— Господи… — пробормотал Афанасий, широко крестясь. — Иже еси на небеси, да святится имя…
Он оборвал молитву на полуслове. Что-то темное пробежало по песку и нырнуло под труп старосты. Завозилось. Купец присмотрелся, но ничего рассмотреть не смог. Зато услышал подозрительное щелканье и чавканье. Будто кто-то положил на одну костяную пластинку кусок мяса, а другой пластинкой бил по нему сверху, иногда промахиваясь. Звук получался премерзостный.
Еще одна тень размером с небольшую собаку прошмыгнула к трупу. Тот задергался, затрясся, будто в падучей, и, кажется, даже чуть сдвинулся в направлении Афанасия.

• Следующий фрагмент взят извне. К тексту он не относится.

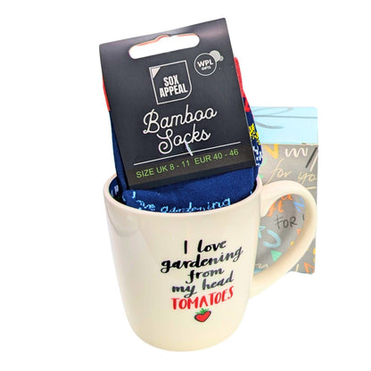 Details: The I Love Gardening Mug and Socks Set For Him is a playful and thoughtful gift. Designed by WPL Gifts, this set includes a coordinated mug and socks featuring green gardening icons and the caption 'I Love Gardening From My Head Tomatoes'. The perfect gift to make someone feel special.

Купец пискнул, занеся руку для очередного крестного знамения, да так с ней и застыл.
Голова старосты затряслась, что-то захрустело, из темного рта вывалился длинный язык и повис тряпкой. Волосы на темени зашевелились, меж ними мелькнула блестящая палка в палец толщиной. Волосатая, суставчатая, с крючком на конце, она более всего напоминала… паучью лапу.
Афанасий не верил своим глазам. С замиранием сердца он следил, как над головой старосты расцветает веер новых лап, а следом появляется огромная волосатая морда.
Животное внимательно посмотрело на остолбеневшего купца черными бусинками немигающих глаз, угрожающе подняло передние лапы, разверзло огромные челюсти и пронзительно запищало. Оно не собиралось нападать, просто отпугивало от своей добычи. И не только от своей. Через мгновение около тела копошилась уже чуть ли не дюжина пауков. Огромных. Размером с мелкую шавку. Волосатых. Длинноногих. Они наскакивали, вцеплялись могучими челюстями в одежду, рвали ткань, как палые листья, и отхватывали от тела огромные куски.
Теперь понятно, почему староста говорил ему остерегаться сольпуг. Видел он этих пауков в низовьях Волги, но там они были в вершок, может, полтора длиной. Их челюсти могли разве что прокусить кожу, но яда не содержали, а эти… От таких чудовищ-переростков можно ждать чего угодно. Кто знает их аппетиты? Наедятся ли они старостой или, обглодав его до костей, примутся за Афанасия? За свеженького. Словно в ответ на его мысли, по песку зашуршали когтистые лапы, неразличимые в наступивших сумерках.
Кинутся? Нет? Вроде обошлось. Но выбираться отсюда надо, чем быстрее, тем лучше. Афанасий, стараясь не обращать на пауков внимания, принялся сваливать песок себе под ноги. Мало-помалу голова его поднялась над краем ямы, постепенно стали вылезать и плечи. Кузнец не оглядывался, но слышал, как смачное чавканье сменилось сухим треском друг об друга паучьих панцирей. Значит, от старосты осталось совсем мало, еще немного — и самые хлипкие пауки, отлученные от кормушки, направятся искать себе новое пропитание. И тогда уж купцу точно несдобровать.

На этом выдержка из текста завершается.